Thursday, September 12, 2013

Here is my first report--Newton Dunn Bill

Thu, Sep 12, 2013 at 5:44 PM
From: NEWTON DUNN Bill


Subject: report for Leicestershire from Bill Newton Dunn MEP

HELLO !  The European Parliament has resumed work after its summer break so here is my first report of the autumn.

State of the Union report
Barroso, the President of the EU's executive body, the Commission, gave his tenth and final annual "State of the Union" speech.
Barroso has been a disappointment to the parliament, because he has repeatedly spoken about leading Europe to further integration but behaved instead as an obedient errand-boy for reluctant national leaders.
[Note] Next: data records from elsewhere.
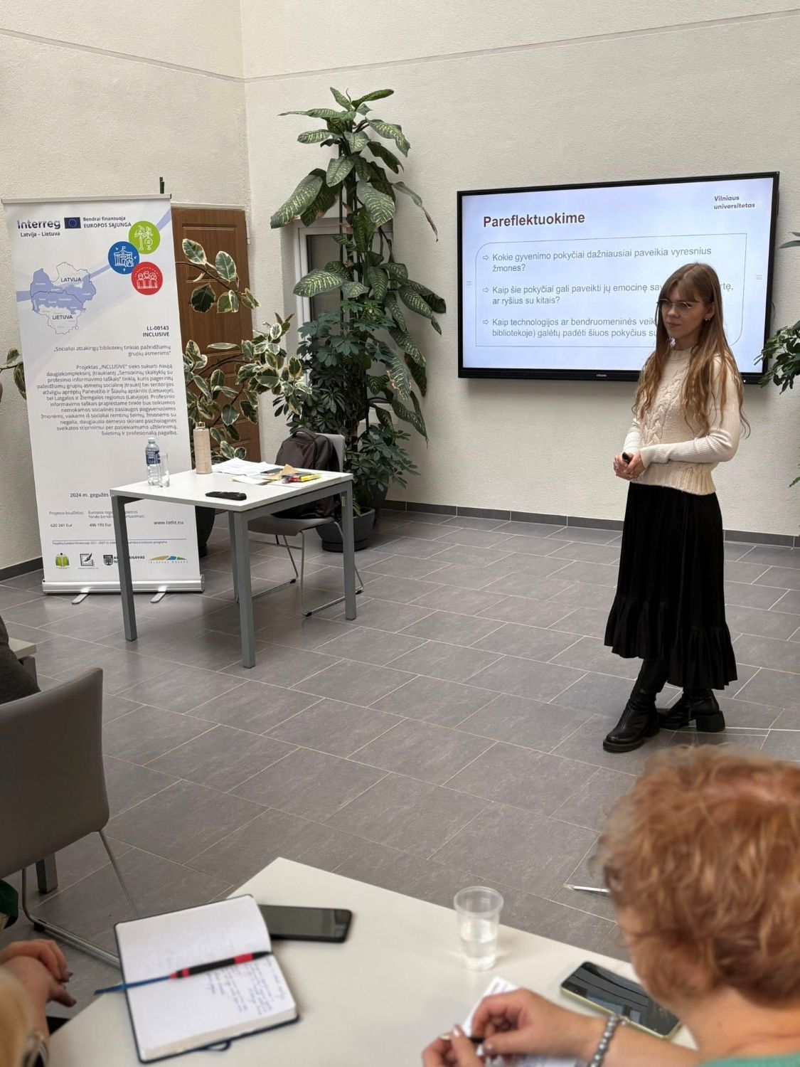 Spalio 28 dieną mūsų bibliotekos padalinių darbuotojai dalyvavo projekto „INCLUSIVE“ mokymų apie darbą su senjorų tiksline grupe tęsinyje, mokymuose „Darbas su vyresnio amžiaus žmonėmis: gyvenimo pokyčiai, praktinė komunikacija, edukacinės priemonės, mokymasis ir technologijos“, kuriuos vedė Vilniaus universiteto Psichologijos instituto asistentė dr. Viktorija Azuma.
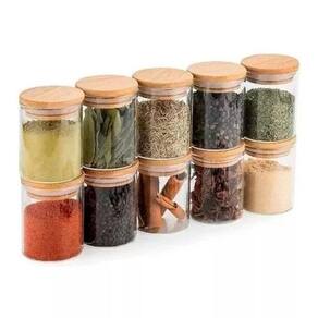 Conjunto Pote Hermético Boro Tampa Bambu 110ml 6 Peças Este pote hermético de vidro possui fechamento de encaixe em bambo, permitindo uma maior durabilidade do seu alimento. Ideal para acondicionar alimentos, sem que se altere a cor ou que o cheiro fique no produto. Este produto manterá o sabor e aroma dos alimentos e sua estrutura é mais resistente.
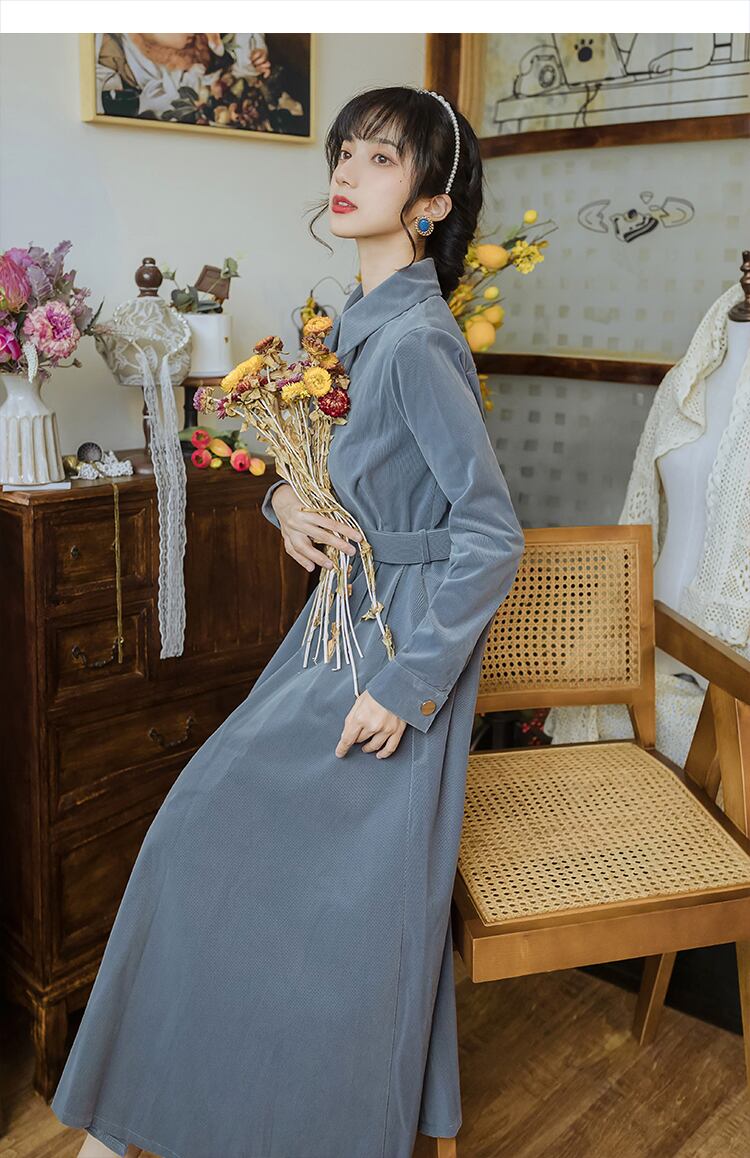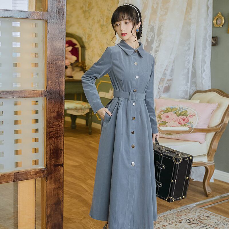 ♥♡♥ ブルーロングスカート ★スタンダードコーデュロイウィンター レトロ 冬物 ♥♡♥韓国系 ガーリー お呼ばれ カジュアル フェミニン エレガント ビジュー 清楚 オルチャン AA68321323310 | miel style clothing
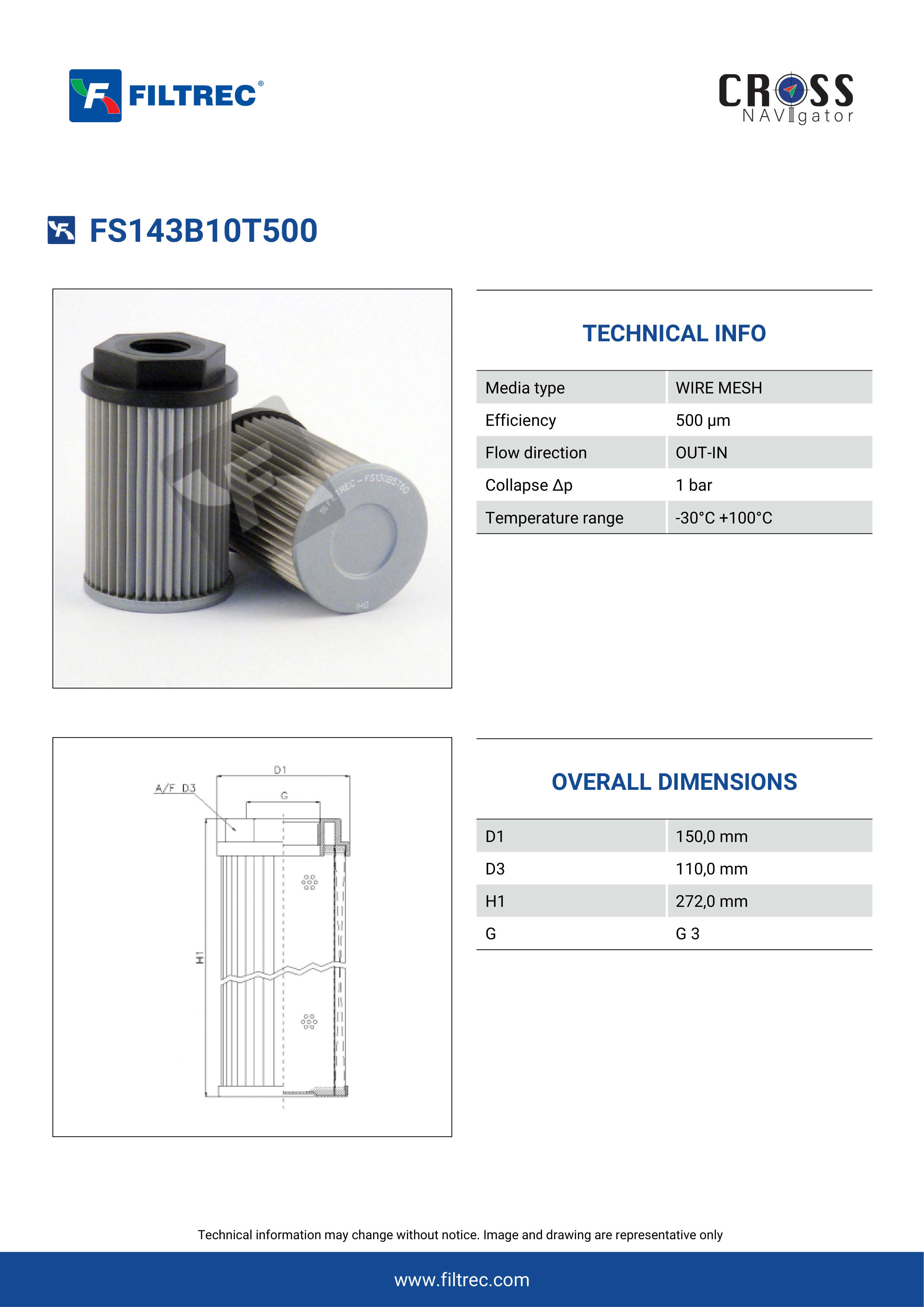 Genuine Filtrec FS143B10T500. This Filtrec element is designed to meet or exceed the quality and performance of brand OEM’s ensuring superior filtration performance and long-lasting durability.Engineered with their high performance media and a durable design, the FS143B10T500 provides reliable and consistent performance over its lifespan, even in harsh operating environments. When you order from FilterFinder, you can trust that you are getting a reliable and high-quality replacement filter that will keep your system running smoothly.
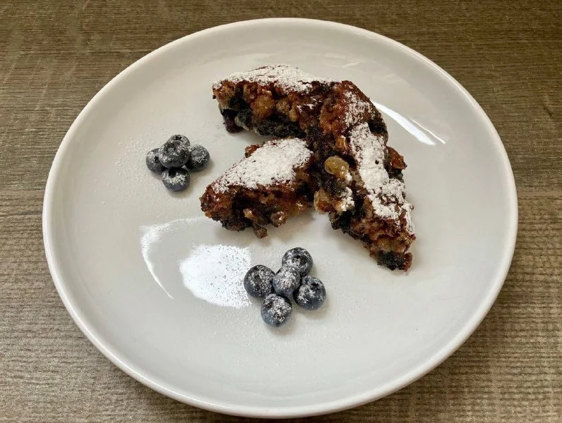 ШАГ 10 Достать из духовки, нарезать на печенье и остудить. Подавать, остудив и предварительно украсив сахарной пудрой и ягодами голубики.
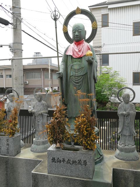 天王寺区085:天王寺区城南寺町5のお地蔵さん(2) 紅玉 天王寺区 2017年9月12日 浄土宗慶恩院 山門入って左側の階段を上ると、建物の屋上(地蔵ケ丘)にお地蔵さんが安置されている。 北向平成地蔵尊 北向地蔵尊の左右には六地蔵尊、右側 左側 水子地蔵 鬼瓦の脇にあるのが、願掛け百体地蔵尊だろうか 共有: X で共有 (新しいウィンドウで開きます) X Facebook で共有 (新しいウィンドウで開きます) Facebook いいね 読み込み中… 関連 公開済み 2017年9月12日
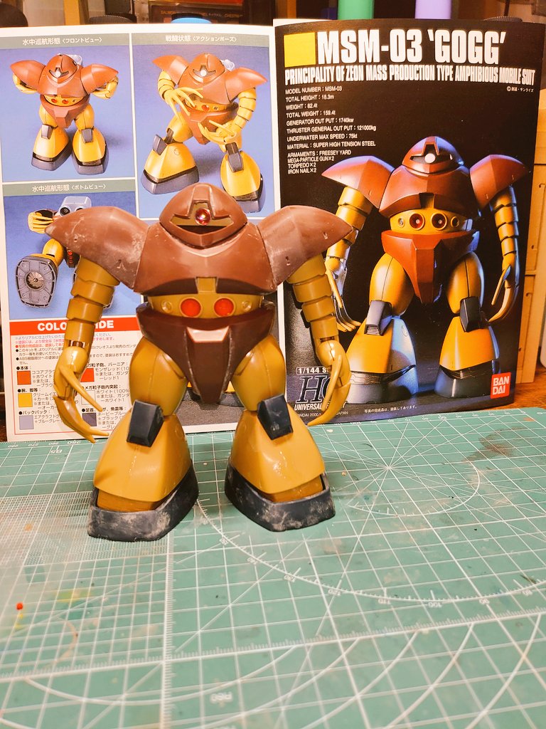 HGUCゴッグ 申し訳程度のデカール貼り+ トップコート終了しました😁👍 モノアイ最後まで迷いますね😂 夜勤なので一旦寝ます💤 皆様良い週末を(^-^)ゝ ジーク・ジオン💪 #ガンプラ #ガンプラ好きな人と繋がりたい #ガンプラの画像を貼るとRTされると聞いて

Next summer he leaves the job and a new President of the Commission will be appointed for five years : a constitutional crisis looms, because the national leaders will probably again propose an obedient errand-boy or girl, but MEPs, who can with-hold their approval of the national leaders' candidate for President of the Commission, want a true leader for the EU who will also command majority support in the new parliament which will be elected next May.

Biofuels
This week the most contentious issue in the parliament (about which I received hundreds of email from people in our region) was about how much the EU should subsidise the growing of Biofuels (plants such as maize grown to create fuels) and thus how agricultural land should be used, the effect on third-world agriculture and food prices, and the link with greenhouse gas emissions.
The parliament, by an extremely narrow majority, decided to set the upper limit at 6%. I wanted 5%. 
Unfortunately, at the time of writing this, the full text is not yet available to send to you.

Syria
The parliament debated the use of chemical weapons in Syria. The winding-up resolution, passed by a huge majority, gave no support to the use of American force, called on Assad to go, and called on Russia and China to face up to their responsibilities to facilitate a common position within the UN Security Council.
My personal line, if I had had to vote in the Commons, would have been against joining a UK-USA attack on Syria. Lib Dems are internationalists, who believe in working through international institutions, particularly the United Nations, and not acting alone.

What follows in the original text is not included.